Case and point an understandable but odd bit of sadness that struck me last night as I was falling asleep (I told you it is always sleeping or bedtime). I have a heart cath coming early next week and I was thinking of the things that I need to get in order beforehand. Suddenly I was completely overwhelmed with sadness. If things move the way my cardiologist predicted this is very likely the last heart cath this heart will have done. I am not particularly keen on heart caths or anything, they certainly don’t hold a lot of happy memories. Though there is that one time that Charlotte got to be my nurse and my femoral artery wouldn’t clot so we got to spend quality time with her applying direct pressure to my groin, that was kind of funny. That same visit Julie was the last nurse standing and we got to hang out until way past her shift ended because they wanted me to have a bed for overnight but one never came so Charlotte vouched for me that this wasn’t my first rodeo and I would return if I started to bleed out, (I did not in fact bleed out).
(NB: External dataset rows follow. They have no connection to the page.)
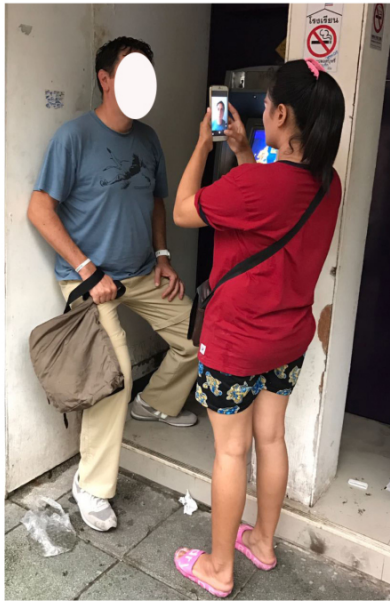
La foto tessera

... quindi è possibile diventare titolare di una patente di guida, o di qualsiasi documento, di un altro Paese? Sembra di sì! Basta solo scegliere dal catalogo che è lì in bella mostra... Non avete una foto? ...e che problema c'è? ...nei venti Euro è inclusa anche l'effigie del vostro volto che sarà poi stampata sulla patente... basta un muro a sfondo più o meno bianco, ed il cellulare della bella e giovane donna dagli occhi a mandorla e dal sorriso smagliante che è lì pronta ad immortalarvi. Stupefacente, poi, la compilazione dei dati del titolare o pseudo tale. Come in un film, potete decidere all'istante di chiamarvi come il vostro attore/attrice preferito... nessuno chiede niente, nessuno vuol sapere nulla... basta compilare un apposito form lì per strada e pagare i venti Euro richiesti, forse pochi spiccioli per noi, ma che al cambio in valuta locale corrispondono all'incirca a 775,00 Bath, tutto sommato una bella cifra se si considera che uno stipendio medio nella capitale thailandese può oscillare tra gli 8 ed i 10mila Bath.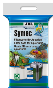
JBL Symec Filterwatte Filterwatte gegen alle Wassertrübungen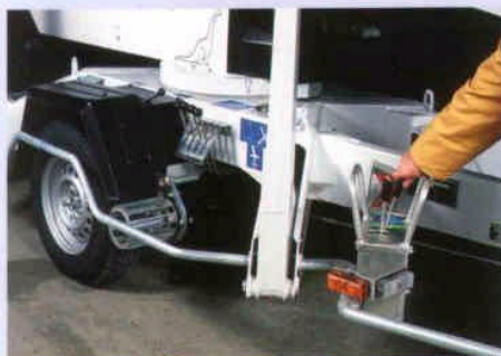
Der Fahrtrieb lässt sich bedienerfreundlich steuern.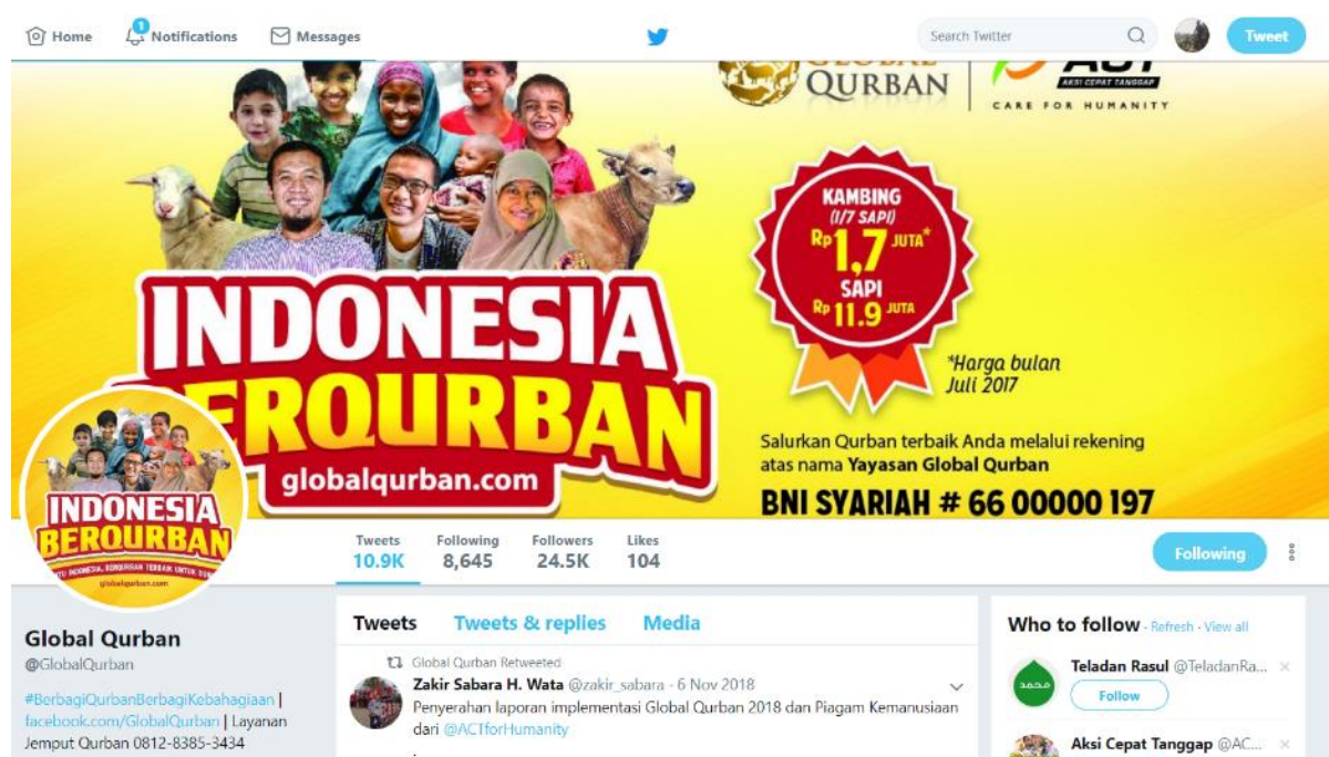
Gambar 3. Laman Akun Media Sosial Twitter Global Qurban Aksi Cepat Tanggap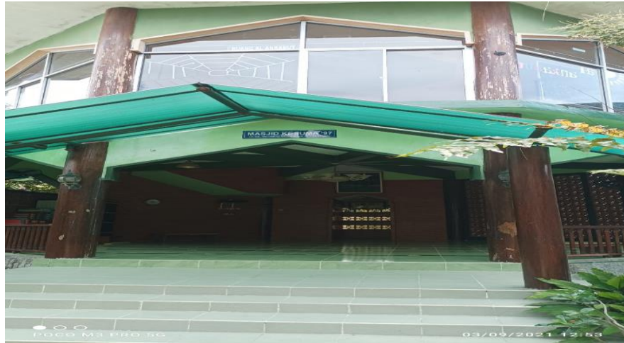
Gb. Dokumentasi masjid yang letaknya tepat garis lurus dengan pintu masuk Sekolah Alam Muhammadiyah Surya Mentari.letaknya memiliki filosofi ketika anak baru datang kesekolah anak langsung menuju masjid.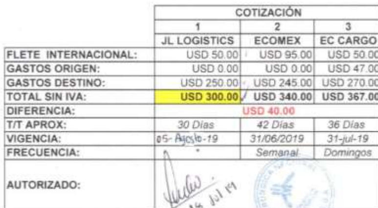
Figura 2. Ejemplo de comparativo para flete internacional autorizado. Adaptado de “Archivo del departamento de comercio exterior”, 2019.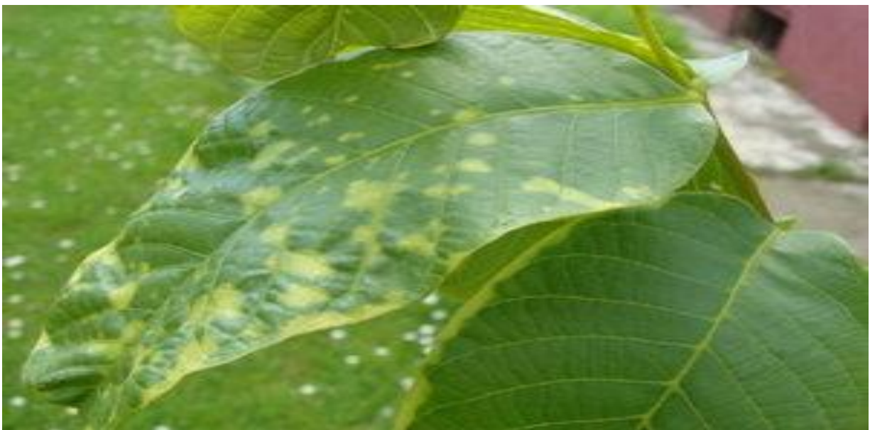
Slika 13 . Oštećenje na orahu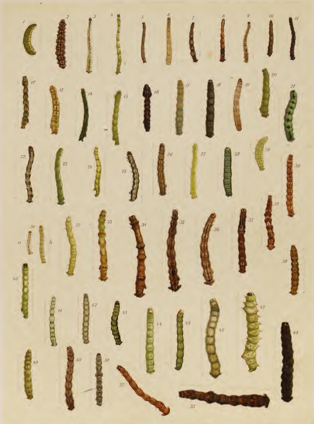
J. Gruebel del.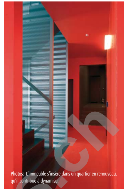
Photos: L'immeuble s'insère dans un quartier en renouveau, qu'il contribue à dynamiser.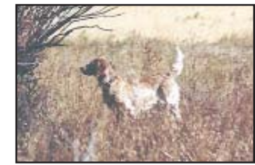
Timbers Creme Caramel hunting dog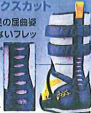
フレックスカット

衝撃緩衝性に優れた E.V.A.ミッドソール ミッドソールに軽量で弾力性に富んだE.V.A.採用。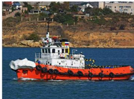
Буксир «Капитан Задорожный»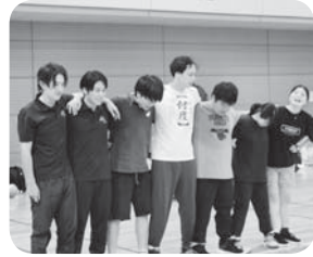
これからも肩を組み仲間を一人にしない

今後も「仲間を一人にしない」を柱に集まる場を確保し、青年女性委員らしい活動ができるよう団結して取り組んでいきます。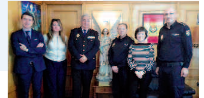
Fernando Amo, Jefe Superior de Policía del País Vasco junto a representantes de AMIFP y miembros del CNP

El próximo semestre organizaremos otras actividades en diferentes ciudades, esperando contar con el mayor número de participantes posible.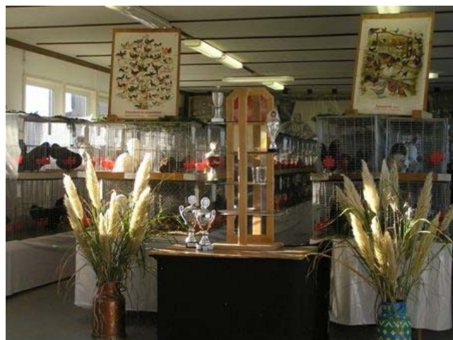
Blick in die Ausstellung.

Der Bürgermeister Bernd Dumcke gab zu beim Rundgang durch den Ausstellungsraum schon einiges gelernt zu haben, natürlich bin ich noch kein Fachmann, aber die Tiere sind alle in einem guten Zustand. Die Lokalschau ist wohl der Höhepunkt im Vereinsleben und ist auch als Erntedankfest des einzelnen Züchters zu bewerten. Die Gemeinschaftsschau der Spenger Geflügelvereine ist ein guter Ansatz die wachsenden Probleme, durch die schrumpfenden Züchterzahlen zu überwinden. Dieses Konzept kann auch für andere Vereine zum Vorbild werden.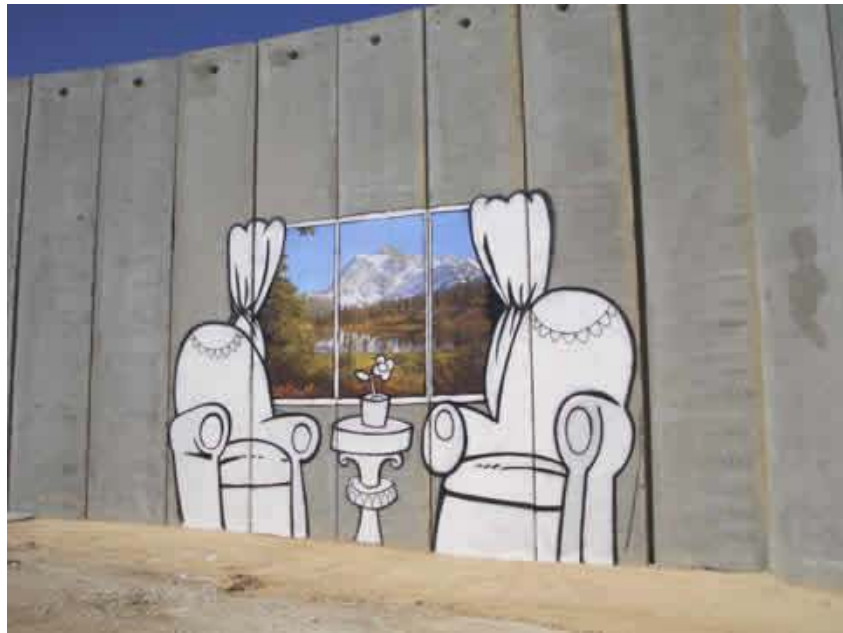
Resim 3: Tatil Enstantaneleri, Filistin, 2005.

So while I don’t have any particularly fond memories of heart caths it was just the thought of this being the first “last” for this heart. It struck me harder than I would have imagined. Lasts are hard, even if they are for the best.

It doesn’t help that you are talking to the person who personified everything in her youth (and maybe still has that habit). No stuffy slept on the floor for fear that I would hurt their feelings, when my mom got me a “pet net” for the corner above my bed deciding who went up there and who stayed on the bed might as well have been deciding who lived and who died. I guess in a not so subtle way I still feel like that now, this heart has been loyal, it has been through hell and back and done everything that was asked of it and more, replacing it feels like a bit of a betrayal and facing this first, “last” just really drove that thought home. So, the jack-in-the-box popped open and the feelings jumped out. It wasn’t so much the feelings, but the when and why that surprised me. I knew more feelings would come, I think it will continue to be a mystery what causes them and why I react to them. I will meet them as they come, and I will deal with them as they do. I have a target to work with, I have to start looking at the hard thing a bit more, so I can come to terms with what it means to say goodbye to the heart that has carried me when so many said it couldn’t. I have been given the gift of time to grieve and thank my spiteful, spitfire of a friend while it still beats in my chest. Perhaps, like most grief it won’t be something I completely get over, but something that dulls as time passes and acceptance sets in.